EXERCISE DESCRIPTION: Your output should be the lines below from the one holding "White Jellyfish Floating on Black Background" through the one holding "Die Vintage V60", transcribed exactly, with no pictures.
Start of RAW DATA
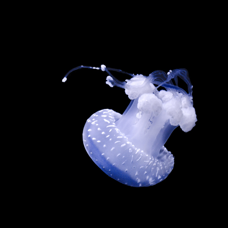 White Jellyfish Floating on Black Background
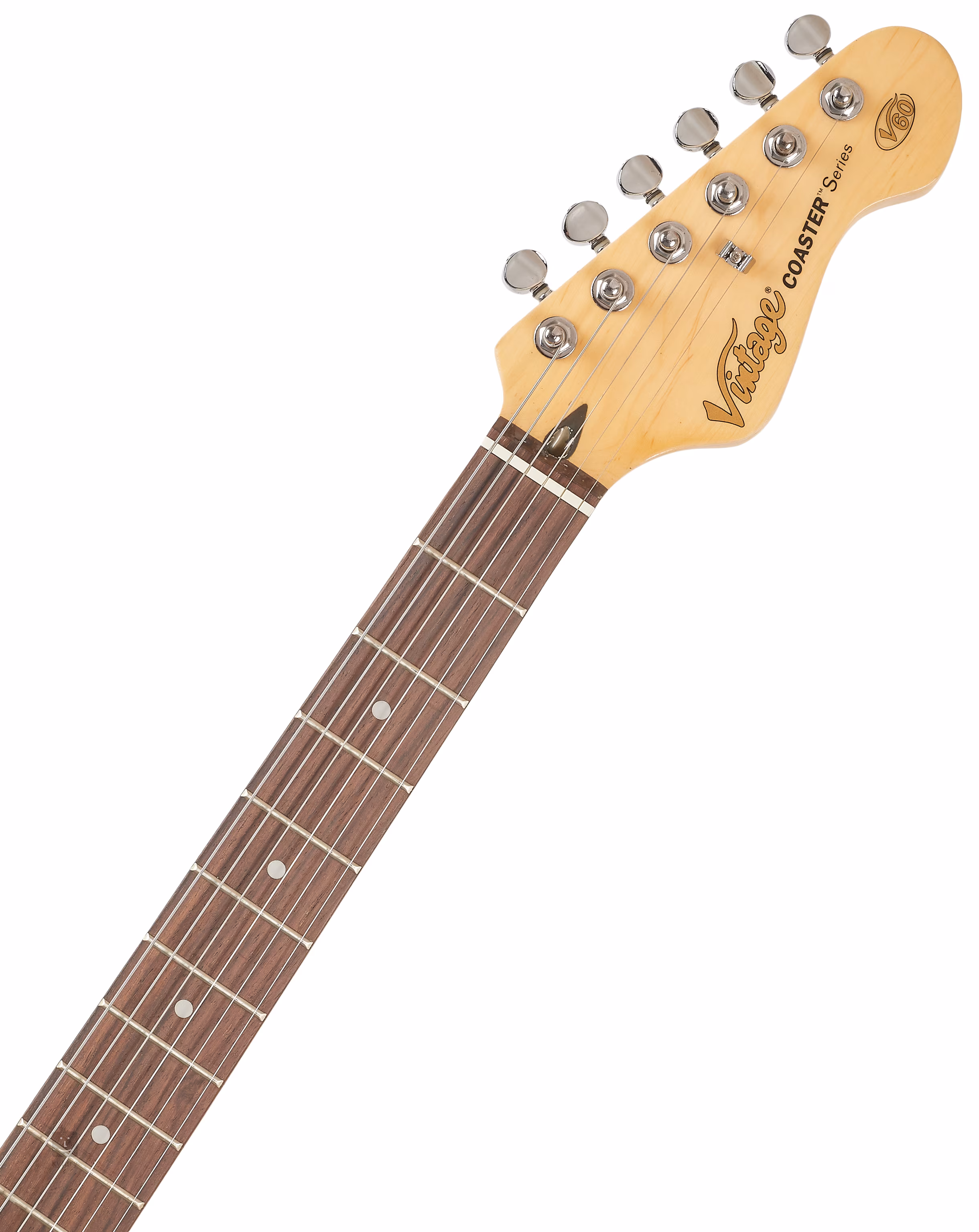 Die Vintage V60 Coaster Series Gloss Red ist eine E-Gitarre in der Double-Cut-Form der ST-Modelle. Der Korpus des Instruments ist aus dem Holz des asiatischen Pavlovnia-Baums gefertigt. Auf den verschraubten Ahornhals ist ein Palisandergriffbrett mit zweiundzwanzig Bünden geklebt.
End of RAW DATA
Start of RAW DATA
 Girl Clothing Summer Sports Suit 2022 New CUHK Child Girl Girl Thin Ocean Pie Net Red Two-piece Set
End of RAW DATA
Start of RAW DATA
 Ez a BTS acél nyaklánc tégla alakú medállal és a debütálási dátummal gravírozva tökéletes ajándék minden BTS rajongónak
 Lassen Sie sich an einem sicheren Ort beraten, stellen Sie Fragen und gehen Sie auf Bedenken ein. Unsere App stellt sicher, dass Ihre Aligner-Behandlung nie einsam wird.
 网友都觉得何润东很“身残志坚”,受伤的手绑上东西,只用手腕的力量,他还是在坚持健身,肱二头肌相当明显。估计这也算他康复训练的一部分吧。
End of RAW DATA
RESULT OF THIS TASK:
 White Jellyfish Floating on Black Background
 Die Vintage V60 Coaster Series Gloss Red ist eine E-Gitarre in der Double-Cut-Form der ST-Modelle. Der Korpus des Instruments ist aus dem Holz des asiatischen Pavlovnia-Baums gefertigt. Auf den verschraubten Ahornhals ist ein Palisandergriffbrett mit zweiundzwanzig Bünden geklebt.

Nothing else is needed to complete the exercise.